## Information provided
========================
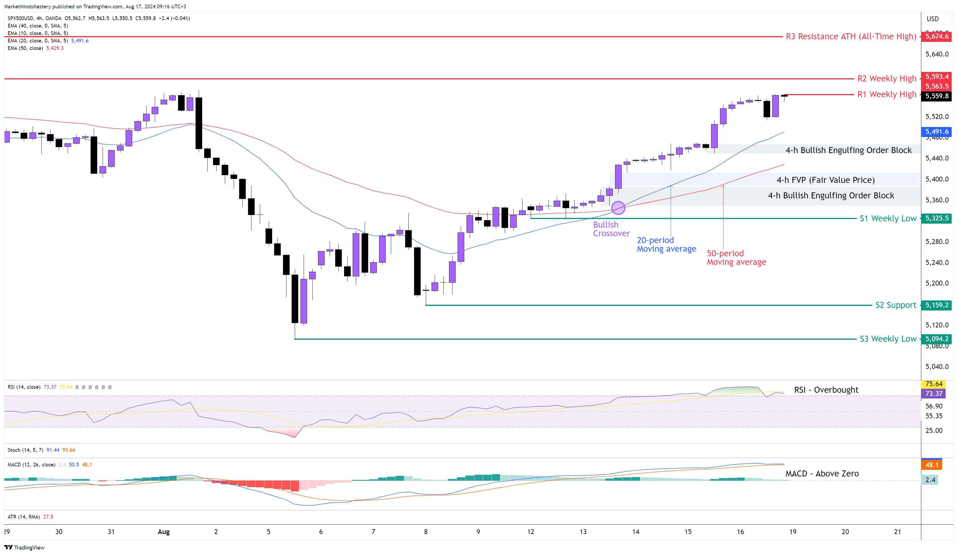 بعد توقعات السوق للأسبوع السابق، تحرك سعر مؤشر SP500 صعودًا كما كان متوقعًا. تسببت الشمعة الأسبوعية على الرسم البياني الأسبوعي، مع وجود الفتيل السفلي الطويل، في تحرك السعر لأعلى، مما أدى إلى إنشاء ماروبوزو صعودي. على الرسم البياني لأربع ساعات، استنادًا إلى تحليل التأرجح، أنشأ السوق هيكل سوق من ارتفاعات أعلى وقيعان أعلى. عندما يتفق الإطاران الزمنيان على الاتجاه، فعادةً ما تقدم الأسواق فرص تداول عالية الاحتمالية. يوم الثلاثاء الماضي، تقاطع مؤشر يوم الثلاثاء الماضي فوق المتوسط المتحرك لفترة 20 فوق المتوسط المتحرك لفترة 50، والمعروف باسم مؤشر القوة النسبية في حالة إفراط في الشراء حيث تحرك فوق خط الحد العلوي 70. وتحرك مؤشر MACD فوق خط الصفر، وله آثار صعودية. بالإضافة إلى ذلك، يقع الرسم البياني للماكد فوق خط الصفر. يوم الثلاثاء الماضي، تشكلت كتلة أوامر الابتلاع الصعودية يوم الثلاثاء الماضي حول 5350 دولارًا أمريكيًا، ويوم الخميس الماضي، تشكلت كتلة أوامر الابتلاع الصعودية يوم الخميس الماضي حول 5460 دولارًا أمريكيًا;
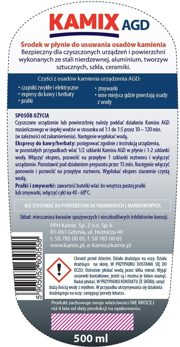 Preparat do usuwania kamienia KAMIX AGD odkamieniacz w płynie 500ml - hpk0012084
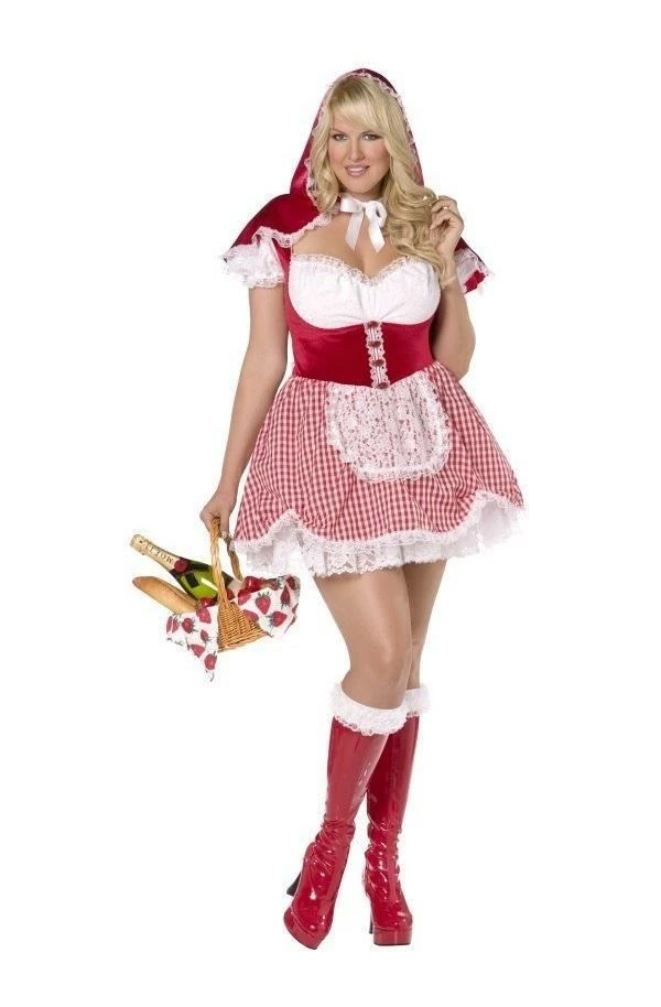 Plus size Little Riding Hood Fancy dress Ladies costume by Smiffy`s costumes. This costume includes a dress with a matching cape.
========================
## Work to be completed
Here the lines from the one containing "Preparat do usuwania" through the end of the material are to be copied exactly, with the pictures omitted.

## Completed task
 Preparat do usuwania kamienia KAMIX AGD odkamieniacz w płynie 500ml - hpk0012084
 Plus size Little Riding Hood Fancy dress Ladies costume by Smiffy`s costumes. This costume includes a dress with a matching cape.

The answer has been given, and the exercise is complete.